Church in Arkhyz, Russia

The North Church (Северный Зеленчукский храм), also known as the North Zelenchuk Church, is an Alanian Eastern Orthodox church dating from the late 10th to early 11th century, located at the Lower Arkhyz settlement in the valley of the Bolshoy Zelenchuk River in Karachay-Cherkessia, Russia.

The North Church is one of three surviving cross-domed churches from the 10th–11th centuries located at the Lower Arkhyz settlement. The oldest of these, the Middle Zelenchuk Church, was built in the 10th century and served as the cathedral of all Alania. The North Church, erected in the late 10th or early 11th century, was probably the principal church of a large monastery. The Small South Church was the last to be built, in the late 11th or early 12th century, and may have belonged to one of the noble families of Alania.

== History ==
In antiquity, a city stood on the territory of the Lower Arkhyz settlement that for several centuries was an important ecclesiastical and economic center of Alania. The residence of the metropolitan bishop of Alania was established there, along with the monastery of the Alanian ruler, whose principal church was probably the North Church. The function of the Middle and North churches has been a subject of debate among scholars. According to V. A. Kuznetsov, the North Church was built earlier and served as the cathedral of the metropolitan bishop of Alania, while the Middle Church, built later, was primarily a monastic foundation. Modern researchers, primarily D. V. Beletsky and A. Yu. Vinogradov, are inclined to the opposite view. The important role of this church for both secular and ecclesiastical authorities is indicated, first, by the presence of rich burials in the south aisle—belonging to the church and monastery clergy and possibly the Alanian ruler and his wife—and, second, by the three-tiered synthronon raised in the central apse. Such a design of the synthronon is also found in Byzantine churches of that period and indicates "an obvious presence of the bishop".

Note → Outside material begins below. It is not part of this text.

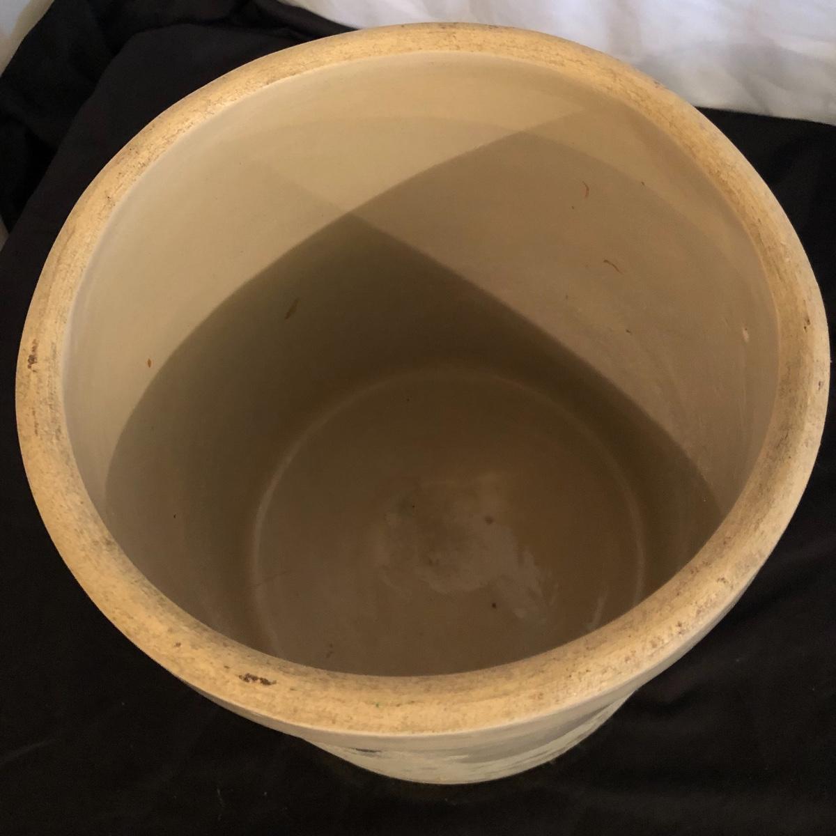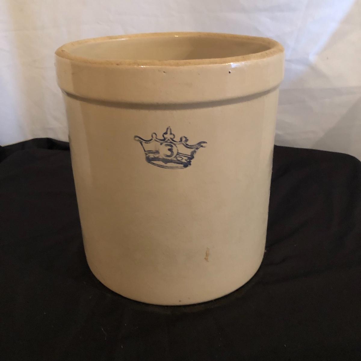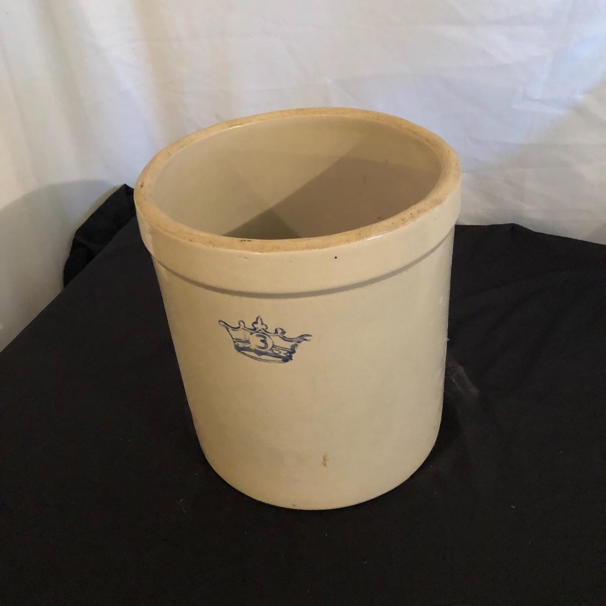 Enjoy this beautiful #3 stoneware crock. This classic ceramic item measures 10.5” in diameter and is 11.5” tall. There is a faint crack at the bottom of the crock (see picture). Local pick up only.

The location of the North Church also corresponds to a monastic character: it was set apart from the center of the city and stood on its outskirts, as if isolated from the outside world. A large necropolis surrounded the church. The exact date of construction is unknown, but the church was probably erected in the late 10th or early 11th century (before 1012/1013 or 1066/1067). It is also impossible to establish unambiguously the origin of the masters who carried out the construction; they may have been Abkhazian masters working alongside local Alanian builders.

== Architecture ==
The North Church is a cross-domed church of the inscribed-cross type. It has a nine-bay structure, joined on the east by a three-part bema connected by passages to three semicircular apses, and on the west by a two-story open narthex, which contained galleries opening into the naos. In the northwest corner of the narthex are the remains of a staircase leading up to the galleries and a water tank (possibly a baptistery). On the exterior, the church is almost entirely without decoration: the only decorative element is a scalloped cornice made of plinth brick. The same cornice was once present on the apse but has not survived.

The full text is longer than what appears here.